Jeane grumbled something under her breath and pouted. Some girls broke your heart when they pouted but Jeane just looked bad-tempered and sulky. ‘We both know that you’re going to give in eventually sooner or later and it would be much more convenient for me if it was sooner.’

I took a step towards the door. ‘One more word about New York and I’m out of here.’

‘But secretly you’d love to go to New York with me, wouldn’t you? Just admit it.’

This time I took three steps towards the door. ‘I’ve had enough of this.’

‘OK! OK! I promise I won’t talk about you-know-what for a whole ten minutes.’

‘You can’t go ten seconds without talking about it.’

I
turned round to see her pouting again. ‘I can if you’re kissing me.’

And when she put it like that, and there was still a good half hour before afternoon lessons and I’d already bolted down my lunch, kissing Jeane was much more fun than storming off in a huff.

Sat on top of the filing cabinet, Jeane was taller than me for once, which made for an interesting adjustment as I had to stretch to reach her mouth and she wrapped her legs, adorned in red and blue striped tights, around my chest to pull me in closer. I didn’t even care that one of the drawer handles was digging into my stomach.

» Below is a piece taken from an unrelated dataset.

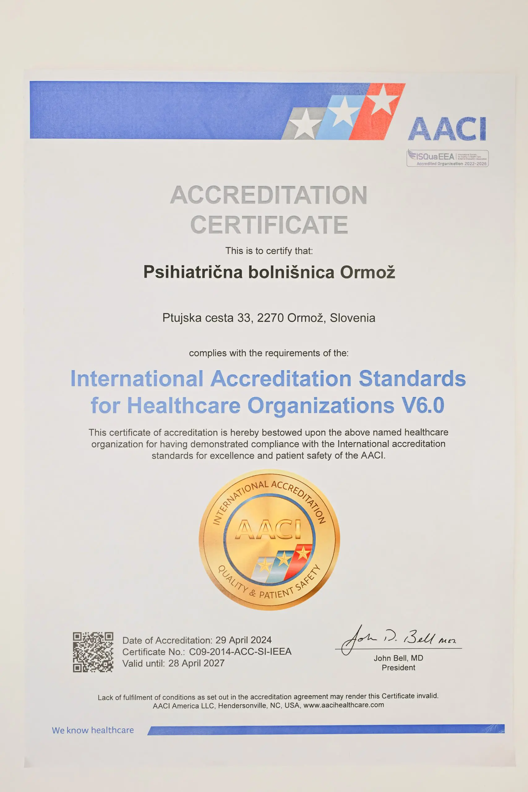 V Psihiatrični bolnišnici Ormož kakovost in varnost obravnavamo kot stalno zavezo. Naš cilj je zagotavljati varne in strokovne storitve, prijazno in varno okolje za uporabnike ter hkrati izboljševati tudi ekonomsko učinkovitost poslovanja. Že leta 2012 smo pristopili k projektu celovite kakovosti. Leta 2015 smo uspešno opravili akreditacijsko presojo in pridobili certifikat AACI, standard ISO 9001:2008 ter standard EN 15224:2012. Aprila 2024 smo ponovno opravili zunanjo presojo po mednarodnem standardu EN 15224:2016 (zdravstvene storitve – sistemi vodenja kakovosti v skladu s standardom ISO 9001) ter po ameriški akreditacijski organizaciji AACI.

‘You’re such a pretty boy,’ Jeane whispered and I should have been offended and pulling away because, Christ, no boy wants to be called pretty, but she sounded, I don’t know, wistful and like she was completely down with the whole pretty thing, so I let it go just this once.

Jeane shivered when I kissed her mouth. Then I kissed a path along her cheek, pausing to nip her earlobe before I started kissing her neck. She always smelt so good, of figs and vanilla and baby lotion, particularly this spot where her pulse thundered away and she was extra ticklish so it always made her squirm and giggle.

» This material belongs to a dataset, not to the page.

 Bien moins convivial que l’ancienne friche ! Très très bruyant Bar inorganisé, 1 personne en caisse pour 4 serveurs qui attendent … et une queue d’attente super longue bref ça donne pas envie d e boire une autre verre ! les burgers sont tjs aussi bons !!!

‘You’re so cute when you’re like this,’ I told her and she dug her knees into my ribs.

‘Piss off. I am
not
cute. Cute is not what I aim for.’

‘Tough. You’re cute. Deal with it.’

‘Oh, shut up and kiss me.’

I was just shutting up and kissing her when I thought I heard
something outside, but I’d just succeeded in undoing the third button on Jeane’s dress so I wasn’t really paying attention, especially as she was wriggling to get even closer to me.

But I was definitely paying attention when the door handle rattled and I heard Barney say, ‘Sometimes she hides out in here. She has a secret stash of Haribo tucked away in a box of A3 paper. Oh! Door’s unlocked.’

Jeane and I were still pulling away from each other as Barney, closely followed by Scarlett, burst into the cupboard and they both said, ‘What the …?’ in perfect unison, which would have been funny if Jeane didn’t still have her legs wrapped round me and her dress unbuttoned and my hoodie and jumper were slung over a broken fan.

It was the most awful silence I’d ever known. It felt as if it lasted for centuries, but it was only about a minute until Jeane had done up her dress, folded her arms and said, ‘Well, this is awkward.’